Got a numerical dataset?
  |
  v
STEP 1: Plot it (histogram or box plot)
  |
  v
STEP 2: Is it symmetric?
  |
  ├── YES ─── Report mean ± std dev
  |
  └── NO ──── Report median (IQR)
  |
  v
STEP 3: Is it bimodal?
  |
  ├── YES ─── Report each group separately
  |
  └── NO ──── Continue
  |
  v
STEP 4: Are there outliers?
  |
  ├── YES ─── Investigate (error? interesting signal?)
  |
  └── NO ──── Continue
  |
  v
STEP 5: Are there meaningful subgroups?
  |
  ├── YES ─── Stratify and report by group
  |
  └── NO ──── Report overall statistics

Anscombe's Warning

Four datasets can have identical means, standard deviations, and correlations but look completely different when plotted.

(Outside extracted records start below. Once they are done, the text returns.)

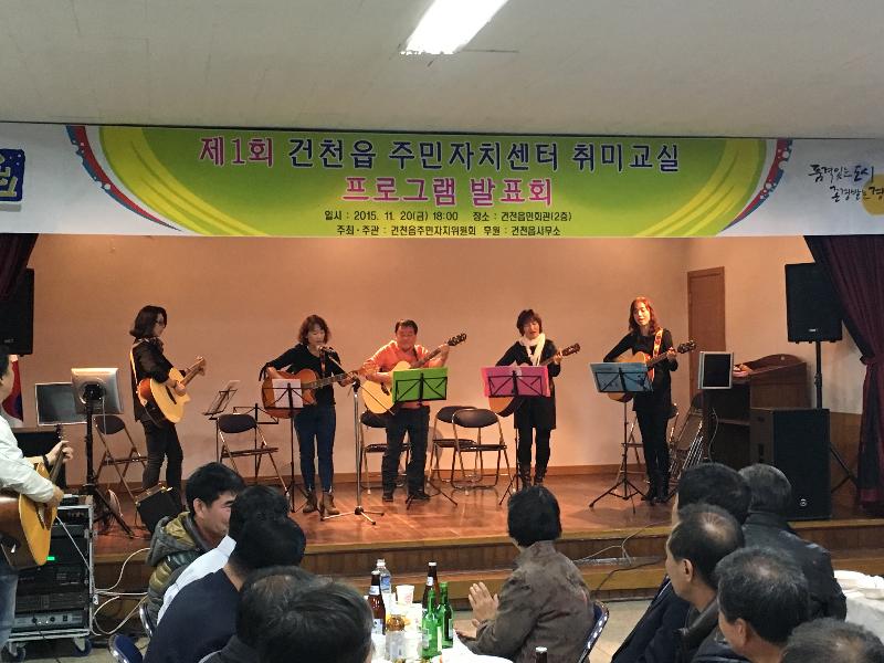 주민자치센터 취미교실 프로그램’ 발표회를 가졌다.발표회에는 김성수 건천읍장을 비롯한 관내 기관단체장, 읍민 등 150여명이 참석해 축하를 했다.1부 프로그램 발표회에서는 주민자치센터의 취미교실인 기타(초․중급반), 색소폰(초․중급반) 수강생들이 그간 배우고 익힌 기량을 뽐내는 시간을 가졌으며, 2부 행사는 어울림 한마당으로 진행되어 참석자 모두가 함께하는 시간을 가졌다.황현숙 위원장은 “그동안 취미교실을 통해 배우고 익힌 실력을 마음껏 발휘하는 발표회 자리를 마련했다.”며 “첫 발표회인 만큼 미숙한 부분이 많았지만 앞으로 더욱 더 다양한 프로그램을 개발하여 건강하고 활력 넘치는 건천읍을 만들어 나가겠다.”고 소회를 말했다.건천읍 주민자치위원회는 2006년에 구성하여 현재는 헬스, 색소폰, 기타, 스포츠 댄스 등 4개의 프로그램을 운영 중이며, 한시적으로 노래교실, 에어로빅․요가 등 수요에 맞춘 다양한 프로그램을 운영하여 건천읍민의 여가생활 및 문화욕구를 충족시켜주고 있다.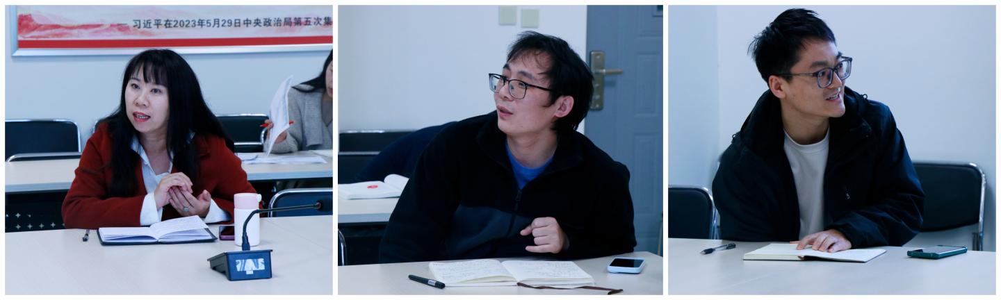 与会教师就本次报告主题进行了深入交流。首先,米文静博士就土石坝迎水面边坡与背水面边坡稳定系数变化的一致性问题进行了发言,江冠博士就边坡稳定性计算中的滑动圆弧搜索问题进行了发言,梁志超博士就土水特征曲线和研究成果的应用问题进行了发言,研讨氛围热烈,各位老师结合自己研究方向进行了思想交流,并通过研讨对个人的研究方向和思路有了新的启发。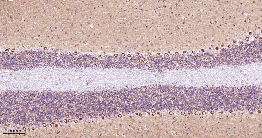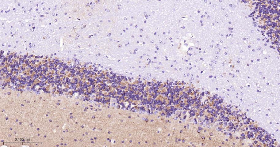 Paraformaldehyde-fixed, paraffin embedded Mouse Cerebellum; Antigen retrieval by boiling in sodium citrate buffer (pH6.0) for 15 min; The section was incubated with Syntaxin 16 Recombinant Monoclonal Antibody, Unconjugated (bsm-62548R) at 1:200 overnight at 4°C, followed by conjugation to the bs-0295G-HRP and DAB (C-0010) staining.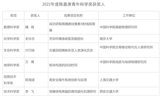 陈嘉庚科学奖基金会是2003年在民政部注册成立的慈善组织,由中国科公司和中国银行共同出资,业务主管单位是中国科公司。陈嘉庚科学奖和陈嘉庚青年科学奖旨在奖励近期在中国做出重大原创性科学技术成果的科学家和青年科技人才。2022年度,共有6个项目、7位科学家共同获得陈嘉庚科学奖,6位青年科技人才获得陈嘉庚青年科学奖。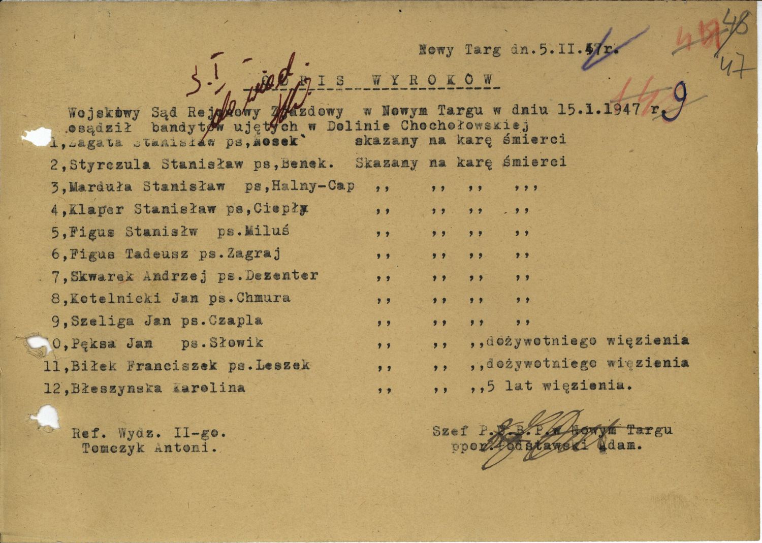 Spis wyroków wydanych przez WSR w Krakowie na partyzantów 2. kompanii zgrupowania „Błyskawica” i ich współpracowników. Fot. e zbiorów IPN -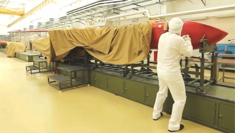 俄国防部展示的在总装车间的“海燕”核动力巡航导弹。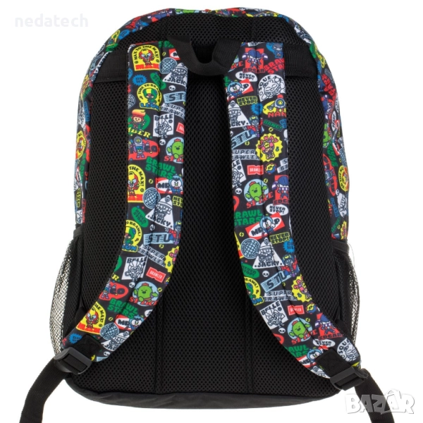 Ученическа раница в черно с цветни дизайни на Brawl Stars. Разполага с 2 отделения, 1 голям преден джоб и 2 странични джоба с черна мрежа. Има отделение за лаптоп, здрави черни ципове, мек гръб и дръжка.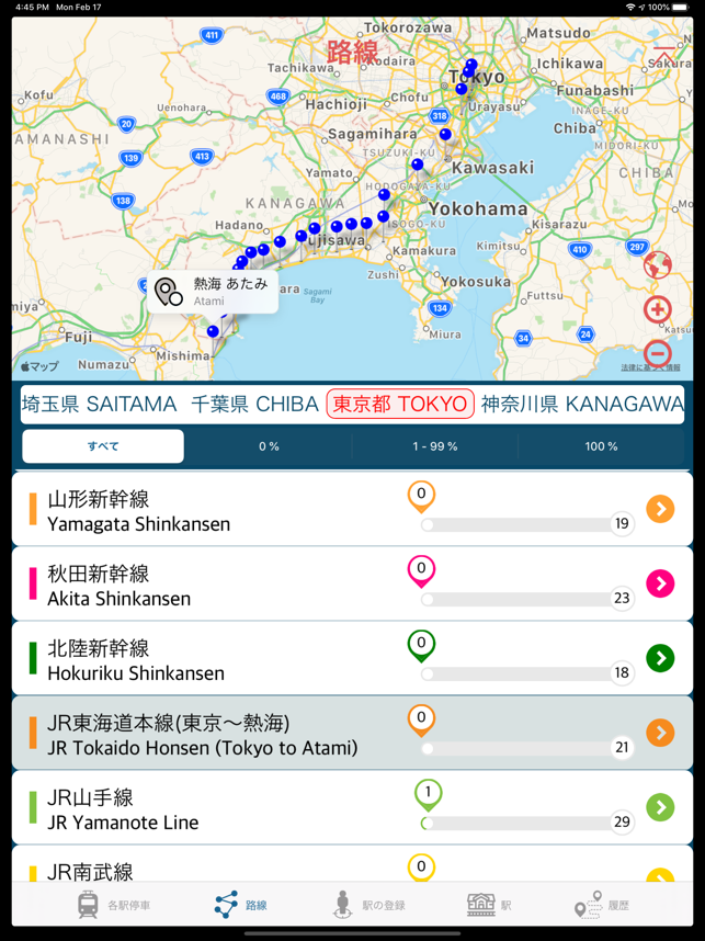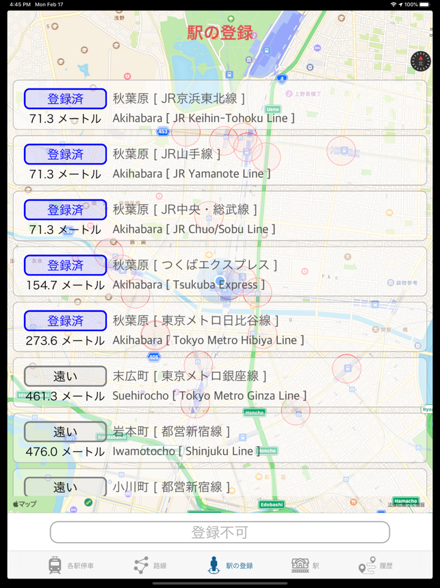 일본의 철도역을 방문하고 기록하는 응용 프로그램.역의 100 이메일 이내에 접근 할 때 기록 할 수 있습니다.일본의 JR, 사철, 지하철, 전차, 모노레일 등 8,907 역 (597 노선)을 수용.지하철 역과 같이 GPS를 수신 할 수없는 역에서는 현재 위치가 올바르게 표시되지 않을 수 있습니다.장시간 GPS를 사용할 배터리를 크게 소모합니다.

Never trust summary statistics alone. Always plot your data.


What You Should Be Able to Do Now

  • [ ] Compute and interpret mean, median, and mode in Python
  • [ ] Compute and interpret standard deviation, variance, and IQR
  • [ ] Describe a distribution's shape (symmetric, skewed, bimodal)
  • [ ] Detect outliers using IQR fences and z-scores
  • [ ] Choose mean + SD vs. median + IQR based on distribution shape
  • [ ] Use .describe() and .groupby().agg() for grouped analysis
  • [ ] Explain why plotting data is as important as computing statistics
  • [ ] Write a plain-English interpretation of descriptive statistics for a non-technical audience

If all of these feel solid, you're ready for Chapter 20: Probability Thinking.